The album’s title track follows with a slightly uptempo beat, clapping and vocals that alternate between raspy screaming and soft crooning. Vocal harmonies bring an added layer to the soundscape, and the danceable rhythm adds an uplifting style to the otherwise dark and ominous music.
The EP continues relentlessly with “Ancient Satellites” and the energy of the music only increases steadily throughout the first three tracks. Held-out notes and lightning-paced guitar riffs heave this tune towards the far reaches of music’s dynamic range with only the solid beat of the drums to anchor the song to the ground. This tension is effective, as the juxtaposition of sounds forces the listener to give full attention to the ever-more-intense melodies and harmonies.
“The Space Between the Stars” takes Grand Duke to a slightly more ethereal style with its droning, spacey guitar riffs. This instrumental gives the listener a short mental break after the preceding three songs, but the catchiness and stylistic mastery of the band is still evident even without vocals.
The six-and-a-half-minute, epic anthem “Red Jewels” brings Mountains to the West to a climactic ending.
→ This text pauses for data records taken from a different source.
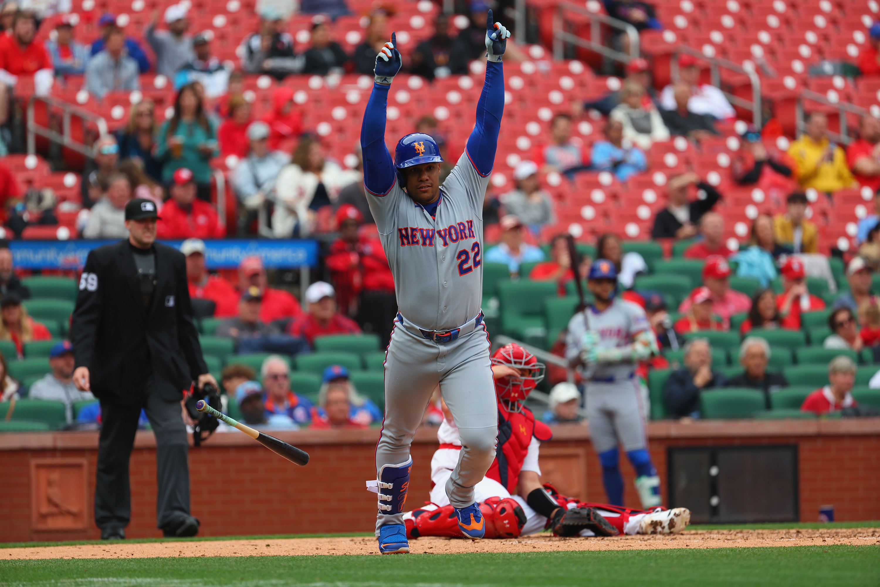 GettyJuan Soto #22 of the New York Mets celebrates after hitting a home run against the St. Louis Cardinals in the sixth inning at Busch Stadium on April 1, 2026 in St. Louis, Missouri.
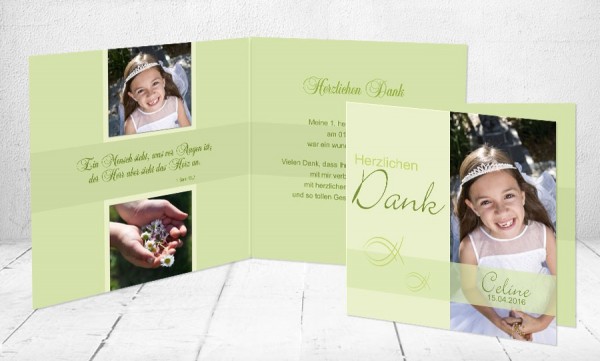Auf insgesamt 4 Seiten dieser hochwertigen quadratischen Klappkarte können Sie Ihr Dankeschön formulieren und mit Fotos und Sprüchen an diesen wundervollen Tag der Kommunion erinnern.
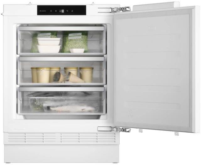 Zamrażarka do zabudowy ASKO F22881I, podblatowa Ogólny opis Rodzaj urządzenia: Zamrażarka szafkowa Rodzaj montażu: Wbudowany zintegrowany Linia produktów: 2-Series Kolor: Biały Charakterystyka System chłodzenia Cool Flow System Cool Flow umożliwia przechowywanie żywności na dowolnej półce lub szufladzie w lodówce i zapewnia szybkie przywrócenie temperatury po otwarciu i zamknięciu drzwi. Ciągły przepływ powietrza zmniejsza również wysychanie i dłużej zachowuje świeżość żywności pierwszego dnia. Ręczna kontrola wilgotności Dzięki suwakowi na szufladzie na owoce i warzywa można łatwo dostosować poziom wilgotności w zależności od rodzaju i ilości żywności. Gdy szuflada jest w pełni załadowana, zwykle trzeba otworzyć suwak i odwrotnie, gdy jest w niej mniej żywności. W ten sposób zapobiega się wysychaniu lub gniciu żywności. Super Freeze Funkcja Super Freeze™ uruchamia intensywny nadmuch zimnego powietrza w zamrażarce. Jest to szczególnie przydatne w przypadku załadowania zamrażarki dużą ilością świeżej żywności. Dzięki szybkiemu procesowi kryształki lodu są małe i zawierają mniej wody, co wpływa korzystnie na jakość mrożonej żywności. Montaż na drzwiach W przypadku montażu drzwi na drzwiach niestandardowe panele i drzwi urządzenia są trwale połączone poprzez bezpośrednie przymocowanie drzwi panelu do drzwi urządzenia. Drzwi lodówki przenoszą zatem ciężar drzwi urządzenia. Specyfikacja Budowa i wydajność Szybkie zamrażanie 1 sprężarka Wykorzystanie i elastyczność Pojemność całkowita: 101 l Pojemność zamrażarki: 101 l Szuflada zamrażająca: 3 szuflady Możliwość zamrażania w 24 godziny: 4,6 kg Interakcja i kontrola Rodzaj wyświetlacza: Wyświetlacz LED Cyfrowy wskaźnik temperatury do zamrażarki Projekt i integracja Zawias drzwi: Zawias SoftClose od drzwi do drzwi Regulacja wysokości: Regulowane przednie nóżki Regulowane nóżki: 4 Otwieranie drzwi: Odwracalne otwieranie drzwi Wymiary niszy min-max (w x sz x g): 82-90 × 60 × 55 cm Bezpieczeństwo i konserwacja Alarm świetlny zbyt długo otwartych drzwi w części zamrażającej: Alarm świetlny zbyt wysokiej temperatury w części zamrażającej Alarm dźwiękowy zbyt długo otwartych drzwi Dane techniczne Poziom hałasu: 35 dB(A)re 1 pW Klasa klimatyczna: SN, N, ST Czynnik chłodniczy: R600A Klasa zamrażarki : ****4 gwiazdki Klasa energetyczna: D Szacowane roczne zużycie energii: 142 kWh Moc znamionowa: 100 W Prąd znamionowy: 0,6 amp Częstotliwość zasilania: 50 Hz Czas przechowywania bez zasilania: 14 h Wymiary Wymiary produktu (WxSxG): 81,8 × 59,5 × 54,5 cm Długość kabla: 2,0 m Masa urządzenia: 36,5 kg Informacje logistyczne Wymiary zapakowanego produktu (WxSxG): 88,8 × 62,8 × 57 cm Waga brutto: 39 kg Kod urządzenia: 20010092 Kod EAN: 3838782624940
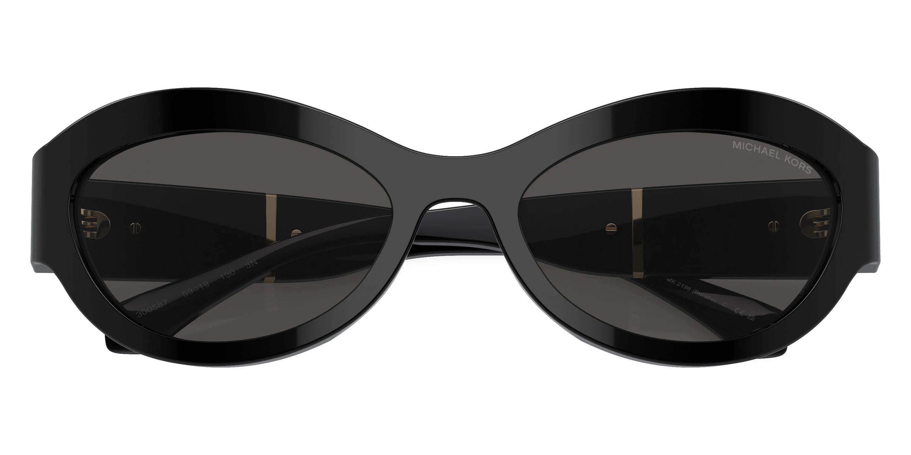 Black (300587) Sunglasses with Dark Gray Solid lenses (Burano MK2198 300587 59) by MICHAEL KORS™. Size: 59-19-130, Shape: Oval, Material: Acetate.
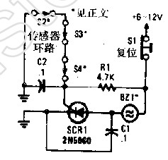 三個開關(guān)串聯(lián)在一起然后接到SCR的控制極是,正常情況下這些開關(guān)處于閉合狀態(tài),當(dāng)其中某開關(guān)被打開時,SCR經(jīng)由RI被觸發(fā),BZ1報警器發(fā)出聲響,該報警器為不間斷型。
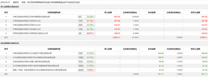 具体来看,中泰证券常州惠国路证券营业部、开源证券深圳分公司分别买入837.95万元、497.98万元;华泰证券上海牡丹江路证券营业部、东方财富证券山南香曲东路证券营业部分别卖出106.08万元、105.97万元。
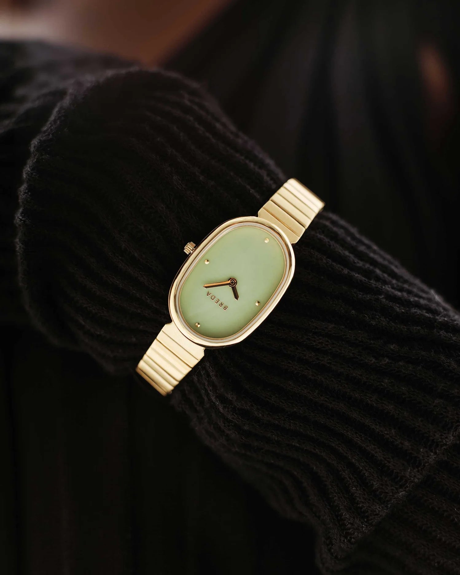 Inspired by days spent in the sun by the water and followed by evenings of indulgence. The Jane carries a delicate 23mm oval case, green colored mother of pearl dial and gold-plated stainless steel bracelet that fastens with a jewelry clasp. An effortlessly elegant and classic style.
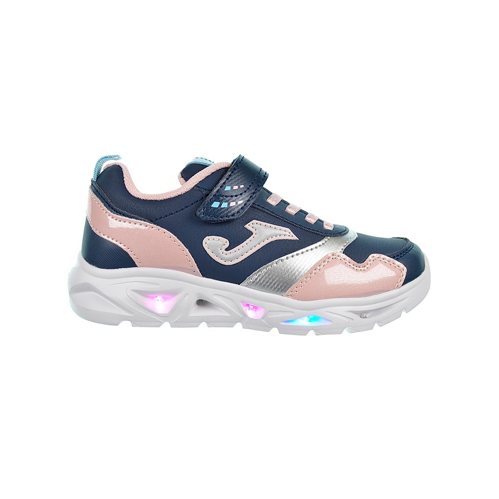 Joma Jstarw2503 Deportivo en sintético, forro interior y plantilla en textil, cierre con velcro y cordones elásticos para un ajuste perfecto. Piso eva termoconformada con luces, muy ligero y flexible. Los deportivos con los que tu peque se iluminará.

The first five minutes are no surprise musically, and the band pulls all the stops to highlight their strengths in the realm of rock and metal. Then, somewhat uncharacteristically, a beautiful piano section closes out the last minute-and-a-half of the song, accompanied by an occasional, faint guitar. This final touch gives even more substance to what is already a fantastic album, and Grand Duke should be confident that Mountains to the West will serve them as a stepping stone to more great music.